We should remember that impeachment is not exclusive to the president. Article II, Section 4, of the Constitution reads, “The President, Vice President and all civil Officers of the United States, shall be removed from Office on Impeachment for, and Conviction of, Treason, Bribery, or other high Crimes and Misdemeanors.”
Since the nation’s founding, there have been 19 impeachments of civil officers. Of these, 15 were federal judges (13 district court judges, one appellate court judge and one Supreme Court associate justice.)
Of the others, two were presidents, one was a cabinet secretary, and one was a U.S. senator.
Of these, 11 were acquitted by the Senate, and eight were convicted.
The president, then, is only one of literally hundreds, if not thousands, of civil officers subject to impeachment. Their inclusion is because the founders were concerned about corruption, abuse of power and interference from foreign governments — no “rights of kings.”
Of course, there have been many civil officers charged with crimes but not impeached. Since 1797, there have been 80 members of Congress indicted and convicted.

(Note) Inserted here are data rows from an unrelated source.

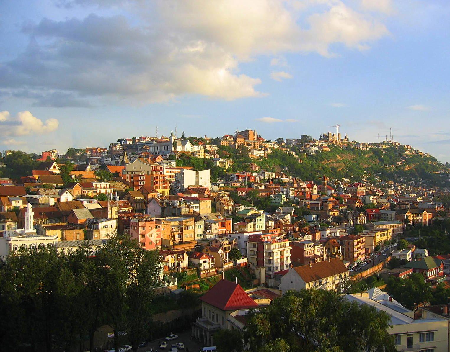 Antananarivo, Madagascar
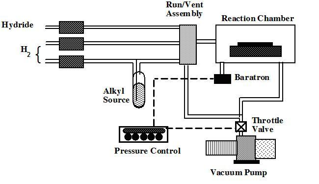 Author C. J. Pinzone
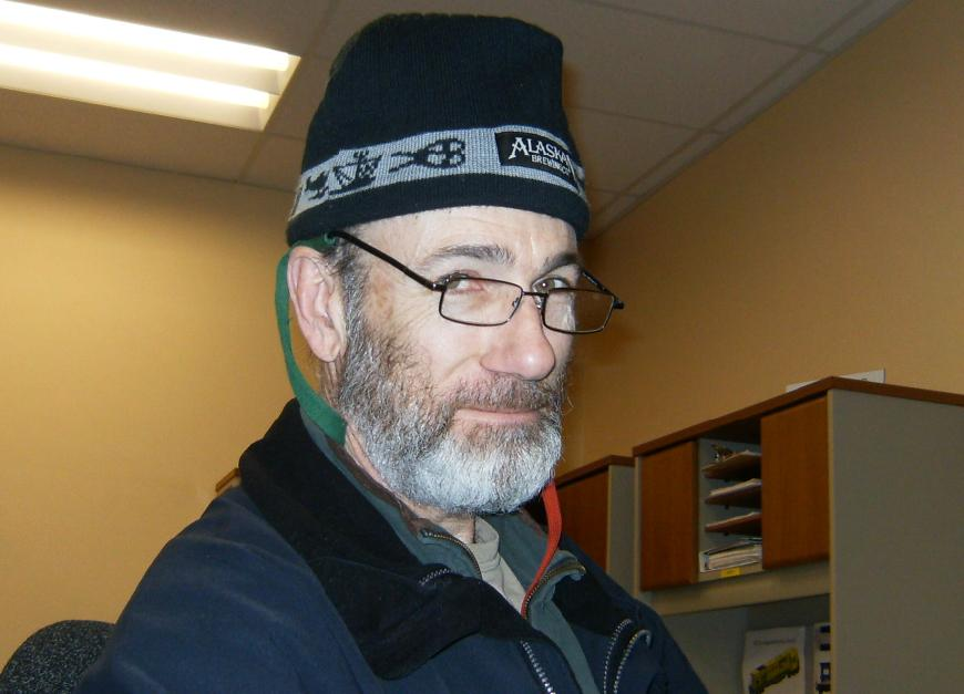 A suspicious man wearing a toque
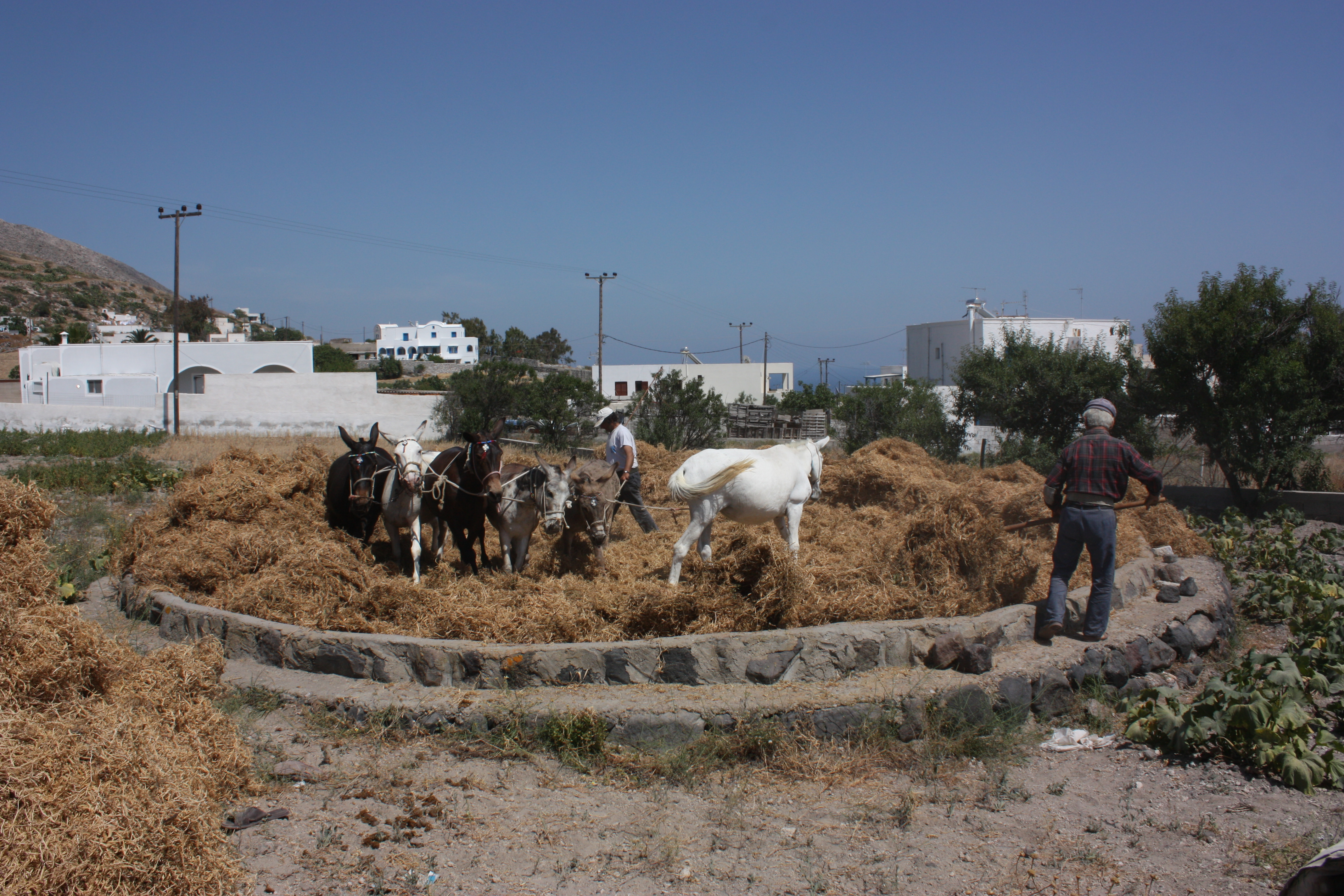 Threshing of Santorini's Fava... Village Emporio, Santorini... Threshing of Fava...
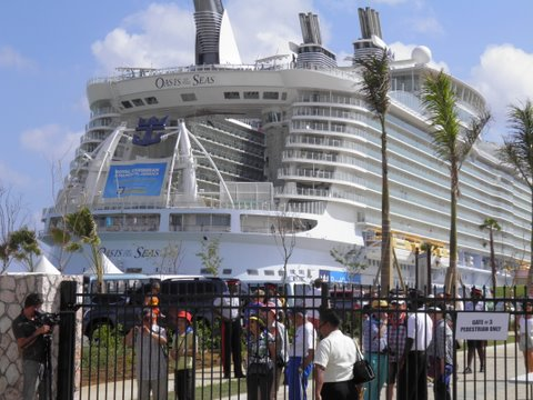 Oasis of the Seas at Falmouth port in Jamaica

The Department of Justice has opined that a sitting president can’t be indicted.
However, on Oct. 7, Judge Victor Marrero of the Federal District Court in Manhattan wrote, “This court finds aspects of such a doctrine repugnant to the nation’s governmental structure and constitutional values.”
We’ll see how that finding holds up when it gets to the Supreme Court and whether this president or any president is, by virtue of their office, above the law.